§ **Your instructions**
Pictures within the data are to be left out; everything else must be reproduced exactly.

§ **Records supplied**
# # # # #

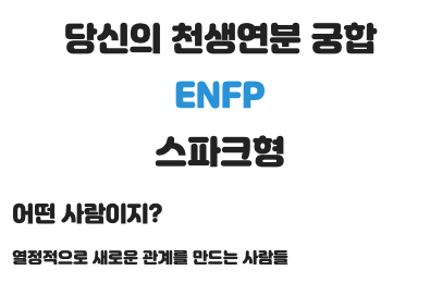 - ENFP는 스파크형 유형의 사람으로서 열정적이고 불꽃 피우는 관계를 좋아하는 사람들 입니다. 매사에 정열적이고 상상력이 좋아 사랑 또한 열정적으로 합니다. 충동적일 수 있으며 즉흥적이기 때문에 당황할 수도 있습니다. 이별을 하면 혼자서 극복을 하려 할 것입니다. 또한 지인들에게 이별을 알려 빨리 잊어버리고 새롭게 사람을 다시 만납니다.
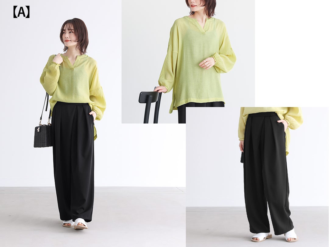 【A】国際女性デーを象徴とする、春らしさ溢れるミモザカラーのブラウス×ストレートパンツ
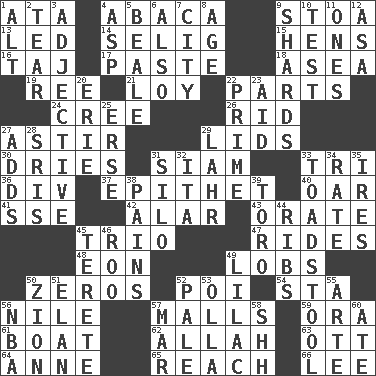 ACROSS 1. _ moment's notice (2 wds.) 4. Phillipine bananalike plant 9. Portico 13. Directed 14. Major League Baseball Commissioner Bud 15. Coop moms 16. _ Mahal 17. Thick mixture 18. At sea 19. To sift 21. Myrna of the movies 22. Actors' quests 24. Algonquian 26. To free from 27. Moving or stirring 29. Flaplike coverings 30. Frees from moisture 31. Thailand, formerly 33. Three (prefix) 36. HTML Container Element 37. Curse 40. Boat paddle 41. Compass dir. 42. Having or resembling wings 43. Speak pompously 45. Musical group of three 47. Amusement-park features 48. A really long time 49. Tennis shots 50. Nothings 52. Luau course 54. R.R. building 56. The longest river in the world 57. Promenades 59. Mouth or opening 61. Water vessel 62. Assad's deity 63. Baseball player Mel 64. Queen of England 1702-14 65. Arrive at 66. Area sheltered from the wind DOWN 1. Keyboard modifier key 2. Pull apart 3. Descriptive word 4. Cleo's killer 5. Memphis, Tenn. Street 6. In addition 7. Municipality 8. Personal question 9. Broken pieces 10. Trial 11. Washington bills 12. White ___ sheet 20. 4th largest of the Great Lakes 22. First class 23. Help 25. Celtic language 27. Does sums 28. Indian titles of respect 29. Cowardly lion portrayer 31. Grain storage tower 32. Call ___ day 33. Inedible or poisonous agaric 34. Assign a rank or rating to 35. Angers 38. Aches 39. "Corrida" creature 44. Teases 45. Cigar-shaped 46. Friend of Pooh 49. Pale purple color 50. The Jewish people; Israel 51. Liveliness 52. Diluted with white 53. Water jar 55. Johnson of "Laugh-In" 56. Basketball assoc. 57. Spoil 58. Quiet! 60. Had dinner
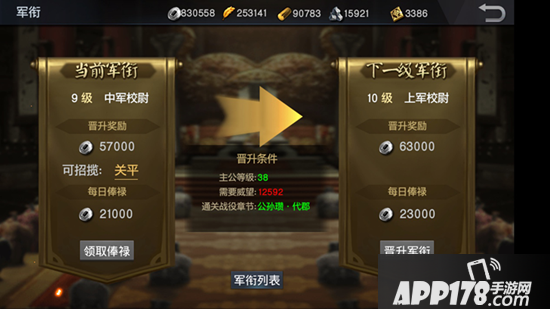 玩家们在通关董卓势力,进入国家之后,即可从主城议事厅中进入军衔界面。提高军衔需要同时达到两个条件:当前威望值及征战通关进度,缺一不可。值得注意的是,当玩家提高军衔时,是会消耗大量威望值的,所以,想要高人一等的有志之士们,就需要想办法积累威望值了。
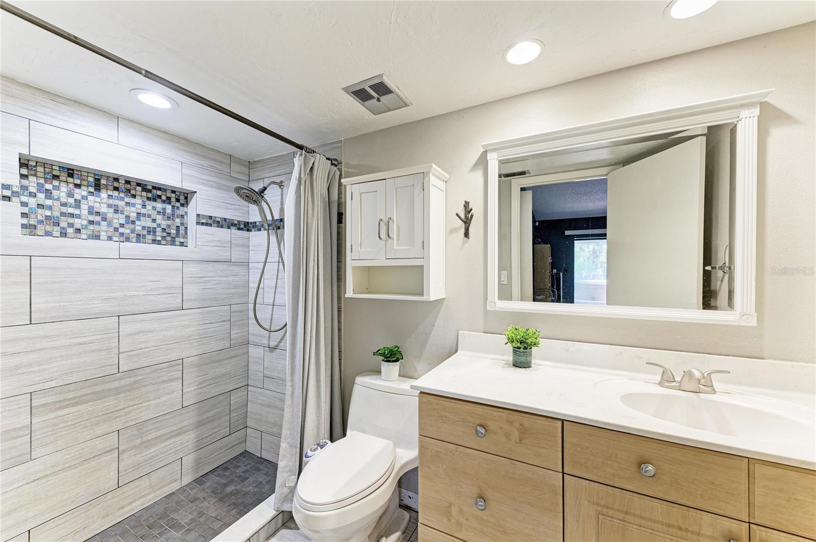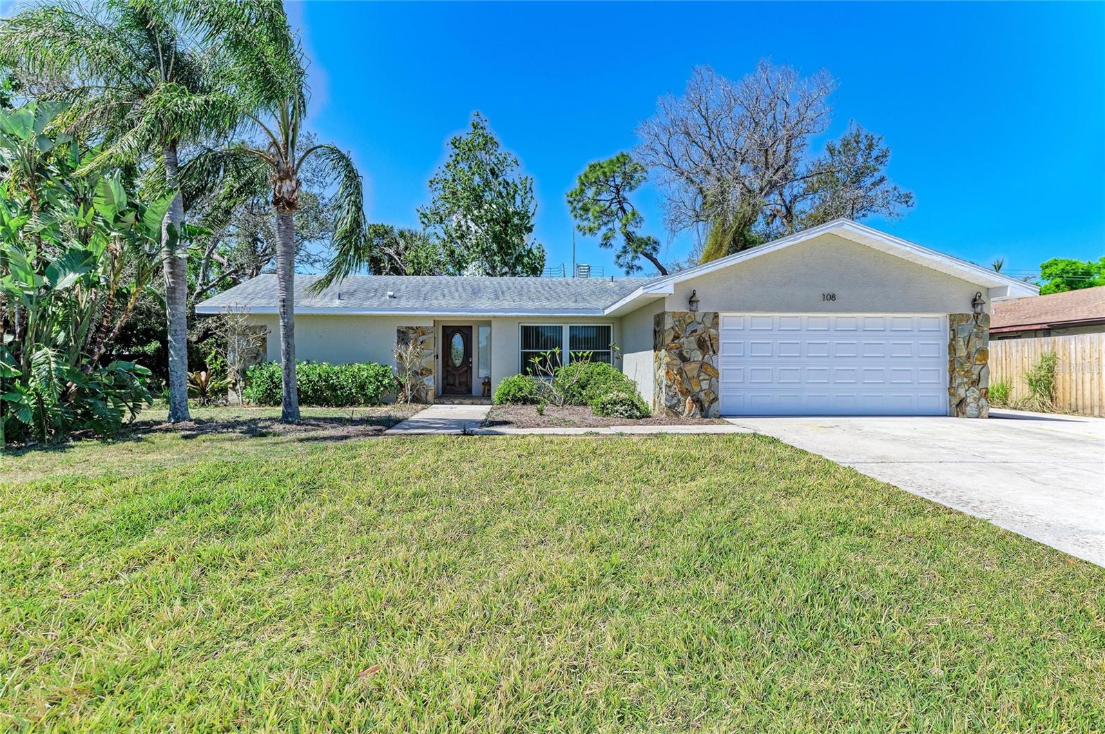 One or more photo(s) has been virtually staged. This charming, move-in-ready home in Palma Sola Village is located just minutes from the pristine beaches of Anna Maria Island. Nestled on a spacious 1/3 acre corner lot, this 3-bedroom, 2-bathroom, 2-car garage house with storage shelves features a split floor plan and vaulted ceilings with an abundance of living space. This home is brimming with potential to become your personal paradise with plenty of room to add a pool, outdoor kitchen or storage shed. The home provides with 3 separate pocket door sliders that open to the screened-in lanai with a luxurious hot tub. The large family room off the kitchen is outfitted with a wood burning fireplace, offering a cozy and warm area for family gatherings. The primary bedroom provides a high vaulted ceiling, ensuite bathroom, walk-in closet and sliders to the lanai. The guest bedrooms provide privacy or is perfect for a home office. Outside, enjoy extra parking space with a wide driveway including a parking pad, providing plenty of room for multiple cars and vehicles.. The friendly neighborhood often gathers for holiday celebrations with the best Halloween Trick-or-Treating in the area and Christmas eve luminaries, plus top rated schools, Publix, Target and post office nearby adds to the convenience of this perfect location. The HOA fee is only $150 annually, allows minimum one year rentals and is pet friendly. Spend your weekends exploring the stunning beaches, boutique shops, and delectable dining options that Anna Maria Island has to offer. The vibrant arts and culture scene, as well as various outdoor activities, are all within easy reach. Don't miss the opportunity to make this home in NW Bradenton your own private haven. Don’t miss out on this fantastic opportunity to make it your own. Homes rarely come available in this neighborhood, schedule a showing today!
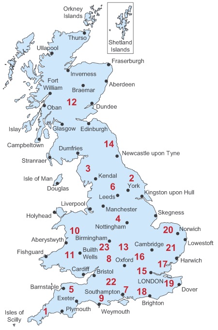 Carlisle, Workington, Whitehaven, Barrow-in-Furness, Penrith, Windermere, Kendal, Ambleside, Cockermouth, Maryport, Keswick, Patterdale, Coniston, St. Bees, Silloth, Annan, Gretna, Etheral, Longtown, Langwathby, Alston, Brough, Appleby-in-Westmorland, Kirkby Stephen, Kirkby Lonsdale, Sedbergh, Carnforth, Morecambe, Millom, Broughton-in-Furness, Ravenglass.
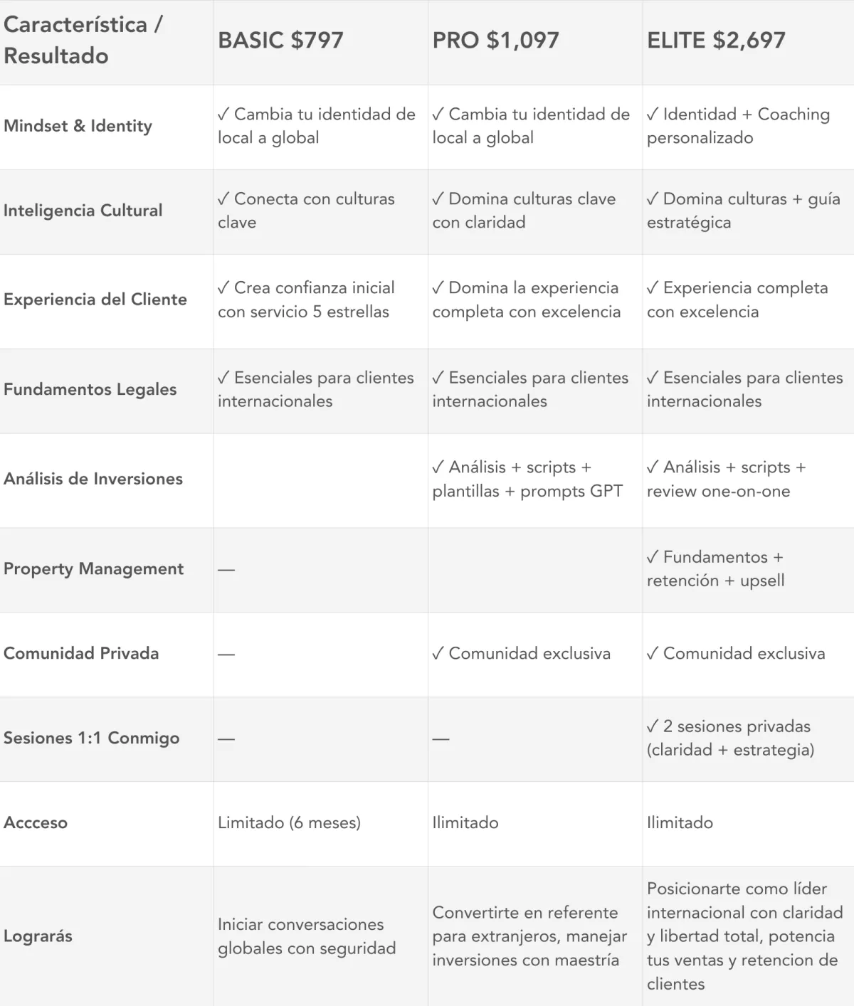 Cada nivel está diseñado para llevarte más lejos en tu carrera internacional. Revisa qué incluye cada uno y elige el que mejor se adapte a tus objetivos.
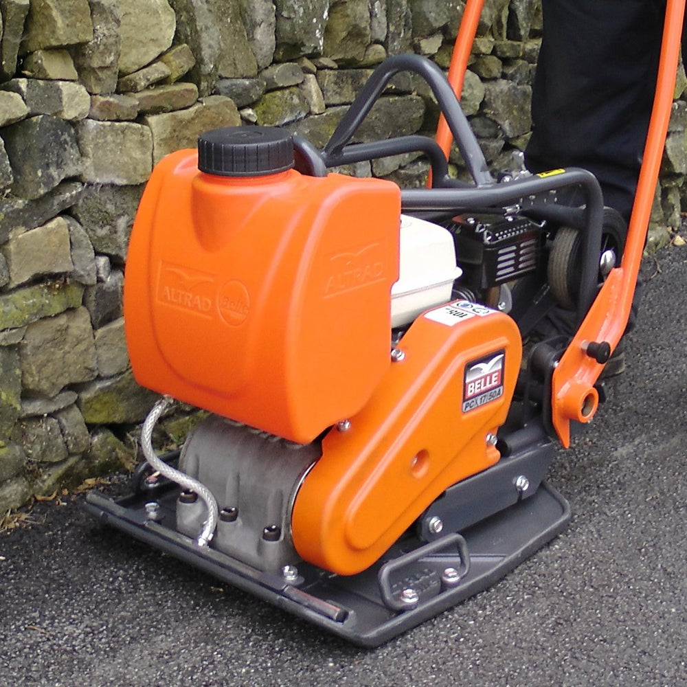 The Belle PCA01 PCX 17/50A Honda Petrol Plate Compactor, available at Trade Counter Direct, is engineered for professional compaction of asphalt and Macadam surfaces. Powered by a robust GX120 Honda petrol engine, this single direction plate compactor delivers reliable performance and efficient compaction, making it an excellent choice for construction and landscaping projects.
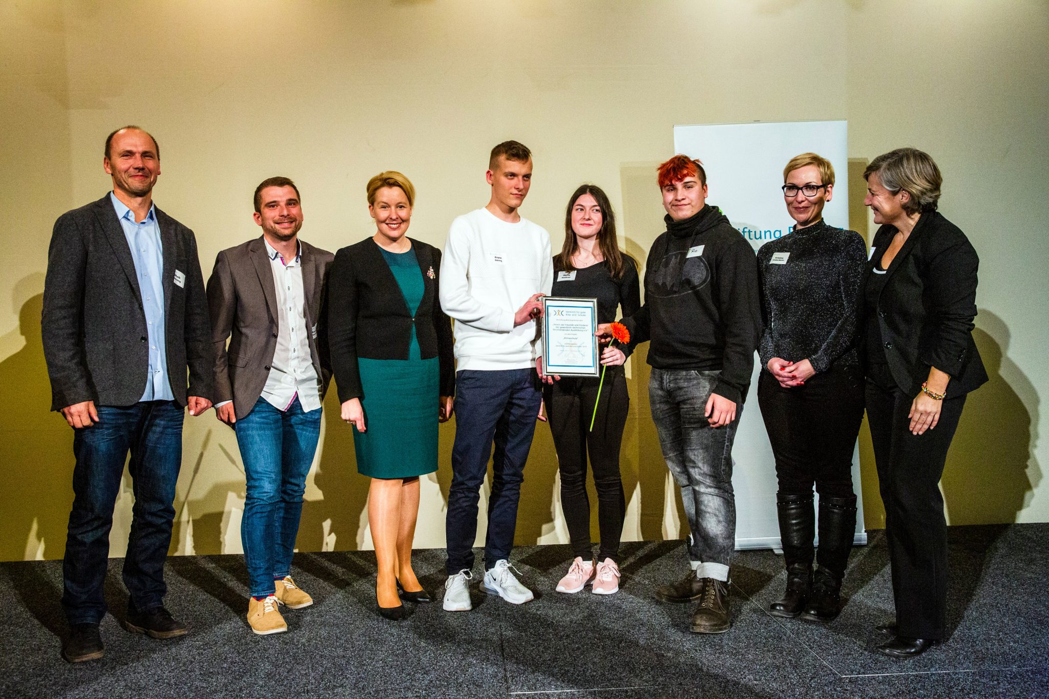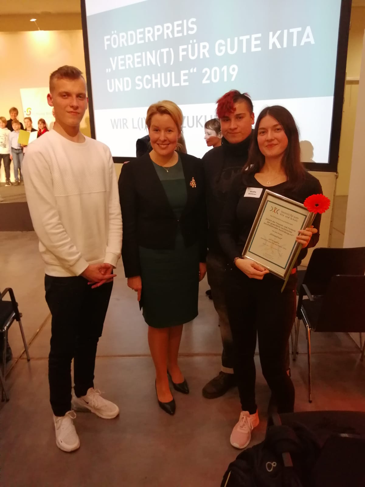 Auf der Festveranstaltung der Stiftung Bildung am 11.Dezember 2019 im Umweltforum in Berlin sind die Schüler der beiden Klassen für ihre Leistungen mit einem der drei, mit 5000 € dotierten, Preise ausgezeichnet worden. Stellvertretend für ihre Mitschüler nahmen Hella Neldner, Franz Göring und Rio Streipert sowie Herr Fechler und Herr Sterzing, als Klassen- und Fachlehrer, den Preis in Empfang. Besondere Würdigung erfuhren die Preisträger durch die Laudatio der Bundesministerin für Familie, Senioren, Frauen und Jugend, Dr. Franziska Giffey, die auch den Preis überreichte.
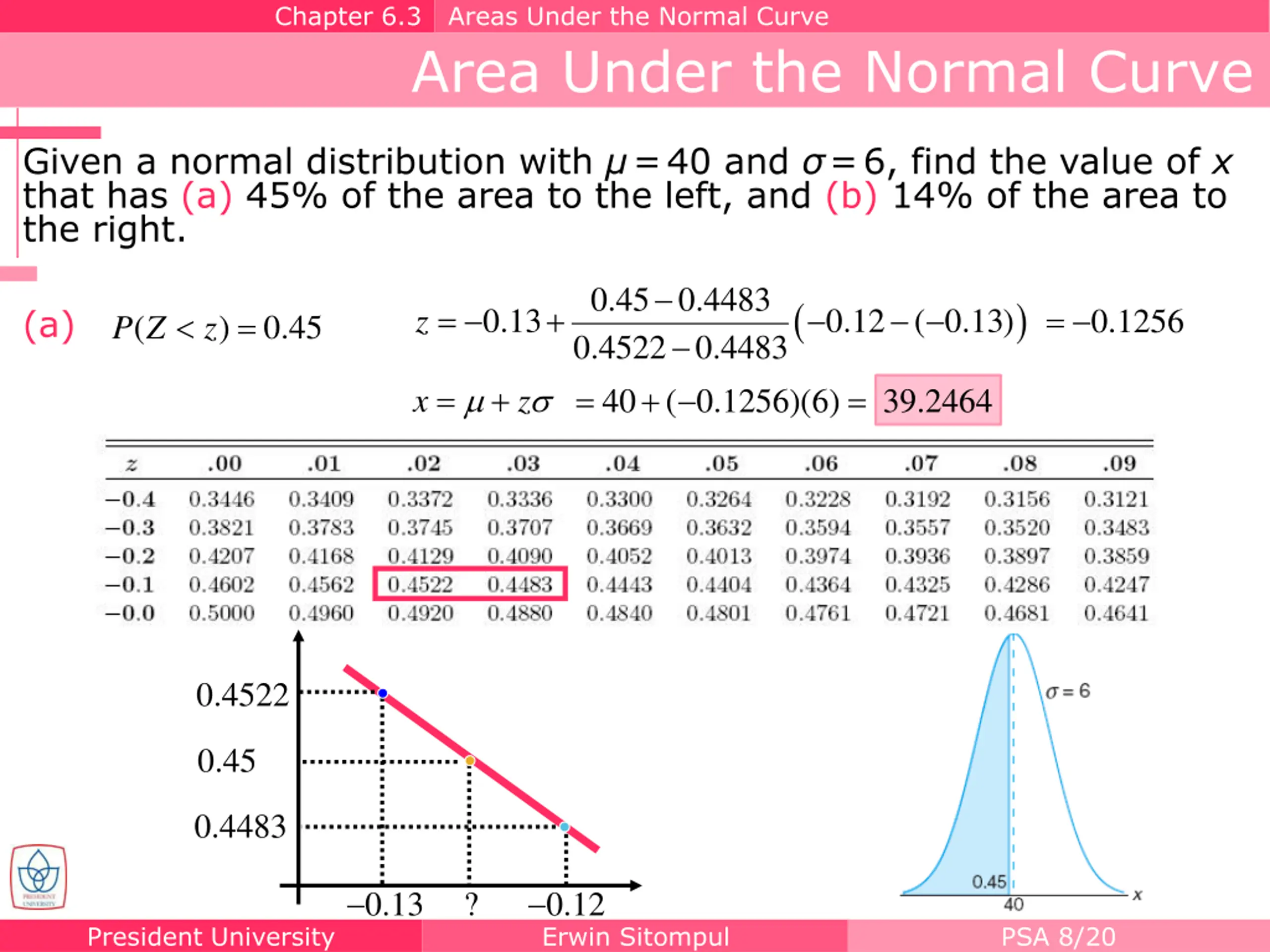 Chapter 6.3 Areas Under the Normal Curve Area Under the Normal Curve Given a normal distribution with =40 and =6, find the value of x that has (a) 45% of the area to the left, and (b) 14% of the area to the right. 0.45 0.4483 0.4522 0.4483 40 ( 0.1256)(6) = + ( ) = + 0.12 ( 0.13) 0.1256 = 0.13 z (a) = ( ) 0.45 P Z z = + = 39.2464 x z 0.4522 0.45 0.4483 0.13 0.12 ? President University Erwin Sitompul PSA 8/20
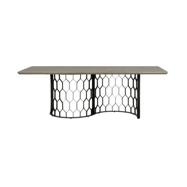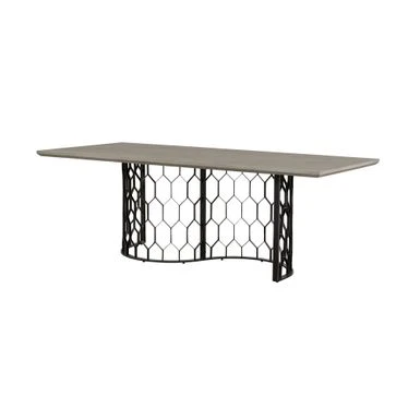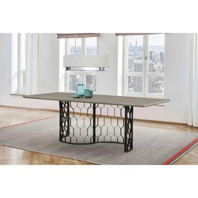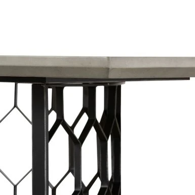 The Solange Concrete and Black Metal Rectangular Dining Table by Armen Living is a stunning piece of furniture that blends modern design with durability. The sleek grey concrete top is easy to clean and features a smooth surface, ensuring that you can enjoy your meals without any worries. The black metal legs are designed with a hex-grate pattern that adds texture and contrast to the table, giving your dining room a contemporary look. With enough space to seat up to 8 people, this table is perfect for hosting dinners with family and friends.
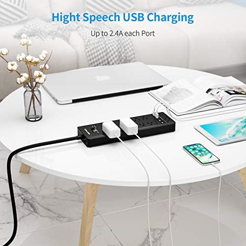 ★Multi Outlets Strip –15 Ac grounded three-pin outlets with flat Plug, multi 5V/2.4A (total 3.4A/18W) USB ports used as USB wall charger, 2 Special design widely spacing AC outlets (2 inches) for large adapters with 8 standard spacing outlets, fast and efficient charging

# # # # #

§ **Reply**
 - ENFP는 스파크형 유형의 사람으로서 열정적이고 불꽃 피우는 관계를 좋아하는 사람들 입니다. 매사에 정열적이고 상상력이 좋아 사랑 또한 열정적으로 합니다. 충동적일 수 있으며 즉흥적이기 때문에 당황할 수도 있습니다. 이별을 하면 혼자서 극복을 하려 할 것입니다. 또한 지인들에게 이별을 알려 빨리 잊어버리고 새롭게 사람을 다시 만납니다.
 【A】国際女性デーを象徴とする、春らしさ溢れるミモザカラーのブラウス×ストレートパンツ
 ACROSS 1. _ moment's notice (2 wds.) 4. Phillipine bananalike plant 9. Portico 13. Directed 14. Major League Baseball Commissioner Bud 15. Coop moms 16. _ Mahal 17. Thick mixture 18. At sea 19. To sift 21. Myrna of the movies 22. Actors' quests 24. Algonquian 26. To free from 27. Moving or stirring 29. Flaplike coverings 30. Frees from moisture 31. Thailand, formerly 33. Three (prefix) 36. HTML Container Element 37. Curse 40. Boat paddle 41. Compass dir. 42. Having or resembling wings 43. Speak pompously 45. Musical group of three 47. Amusement-park features 48. A really long time 49. Tennis shots 50. Nothings 52. Luau course 54. R.R. building 56. The longest river in the world 57. Promenades 59. Mouth or opening 61. Water vessel 62. Assad's deity 63. Baseball player Mel 64. Queen of England 1702-14 65. Arrive at 66. Area sheltered from the wind DOWN 1. Keyboard modifier key 2. Pull apart 3. Descriptive word 4. Cleo's killer 5. Memphis, Tenn. Street 6. In addition 7. Municipality 8. Personal question 9. Broken pieces 10. Trial 11. Washington bills 12. White ___ sheet 20. 4th largest of the Great Lakes 22. First class 23. Help 25. Celtic language 27. Does sums 28. Indian titles of respect 29. Cowardly lion portrayer 31. Grain storage tower 32. Call ___ day 33. Inedible or poisonous agaric 34. Assign a rank or rating to 35. Angers 38. Aches 39. "Corrida" creature 44. Teases 45. Cigar-shaped 46. Friend of Pooh 49. Pale purple color 50. The Jewish people; Israel 51. Liveliness 52. Diluted with white 53. Water jar 55. Johnson of "Laugh-In" 56. Basketball assoc. 57. Spoil 58. Quiet! 60. Had dinner
 玩家们在通关董卓势力,进入国家之后,即可从主城议事厅中进入军衔界面。提高军衔需要同时达到两个条件:当前威望值及征战通关进度,缺一不可。值得注意的是,当玩家提高军衔时,是会消耗大量威望值的,所以,想要高人一等的有志之士们,就需要想办法积累威望值了。
 One or more photo(s) has been virtually staged. This charming, move-in-ready home in Palma Sola Village is located just minutes from the pristine beaches of Anna Maria Island. Nestled on a spacious 1/3 acre corner lot, this 3-bedroom, 2-bathroom, 2-car garage house with storage shelves features a split floor plan and vaulted ceilings with an abundance of living space. This home is brimming with potential to become your personal paradise with plenty of room to add a pool, outdoor kitchen or storage shed. The home provides with 3 separate pocket door sliders that open to the screened-in lanai with a luxurious hot tub. The large family room off the kitchen is outfitted with a wood burning fireplace, offering a cozy and warm area for family gatherings. The primary bedroom provides a high vaulted ceiling, ensuite bathroom, walk-in closet and sliders to the lanai. The guest bedrooms provide privacy or is perfect for a home office. Outside, enjoy extra parking space with a wide driveway including a parking pad, providing plenty of room for multiple cars and vehicles.. The friendly neighborhood often gathers for holiday celebrations with the best Halloween Trick-or-Treating in the area and Christmas eve luminaries, plus top rated schools, Publix, Target and post office nearby adds to the convenience of this perfect location. The HOA fee is only $150 annually, allows minimum one year rentals and is pet friendly. Spend your weekends exploring the stunning beaches, boutique shops, and delectable dining options that Anna Maria Island has to offer. The vibrant arts and culture scene, as well as various outdoor activities, are all within easy reach. Don't miss the opportunity to make this home in NW Bradenton your own private haven. Don’t miss out on this fantastic opportunity to make it your own. Homes rarely come available in this neighborhood, schedule a showing today!
 Carlisle, Workington, Whitehaven, Barrow-in-Furness, Penrith, Windermere, Kendal, Ambleside, Cockermouth, Maryport, Keswick, Patterdale, Coniston, St. Bees, Silloth, Annan, Gretna, Etheral, Longtown, Langwathby, Alston, Brough, Appleby-in-Westmorland, Kirkby Stephen, Kirkby Lonsdale, Sedbergh, Carnforth, Morecambe, Millom, Broughton-in-Furness, Ravenglass.
 Cada nivel está diseñado para llevarte más lejos en tu carrera internacional. Revisa qué incluye cada uno y elige el que mejor se adapte a tus objetivos.
 The Belle PCA01 PCX 17/50A Honda Petrol Plate Compactor, available at Trade Counter Direct, is engineered for professional compaction of asphalt and Macadam surfaces. Powered by a robust GX120 Honda petrol engine, this single direction plate compactor delivers reliable performance and efficient compaction, making it an excellent choice for construction and landscaping projects.
 Auf der Festveranstaltung der Stiftung Bildung am 11.Dezember 2019 im Umweltforum in Berlin sind die Schüler der beiden Klassen für ihre Leistungen mit einem der drei, mit 5000 € dotierten, Preise ausgezeichnet worden. Stellvertretend für ihre Mitschüler nahmen Hella Neldner, Franz Göring und Rio Streipert sowie Herr Fechler und Herr Sterzing, als Klassen- und Fachlehrer, den Preis in Empfang. Besondere Würdigung erfuhren die Preisträger durch die Laudatio der Bundesministerin für Familie, Senioren, Frauen und Jugend, Dr. Franziska Giffey, die auch den Preis überreichte.
 Chapter 6.3 Areas Under the Normal Curve Area Under the Normal Curve Given a normal distribution with =40 and =6, find the value of x that has (a) 45% of the area to the left, and (b) 14% of the area to the right. 0.45 0.4483 0.4522 0.4483 40 ( 0.1256)(6) = + ( ) = + 0.12 ( 0.13) 0.1256 = 0.13 z (a) = ( ) 0.45 P Z z = + = 39.2464 x z 0.4522 0.45 0.4483 0.13 0.12 ? President University Erwin Sitompul PSA 8/20
 The Solange Concrete and Black Metal Rectangular Dining Table by Armen Living is a stunning piece of furniture that blends modern design with durability. The sleek grey concrete top is easy to clean and features a smooth surface, ensuring that you can enjoy your meals without any worries. The black metal legs are designed with a hex-grate pattern that adds texture and contrast to the table, giving your dining room a contemporary look. With enough space to seat up to 8 people, this table is perfect for hosting dinners with family and friends.
 ★Multi Outlets Strip –15 Ac grounded three-pin outlets with flat Plug, multi 5V/2.4A (total 3.4A/18W) USB ports used as USB wall charger, 2 Special design widely spacing AC outlets (2 inches) for large adapters with 8 standard spacing outlets, fast and efficient charging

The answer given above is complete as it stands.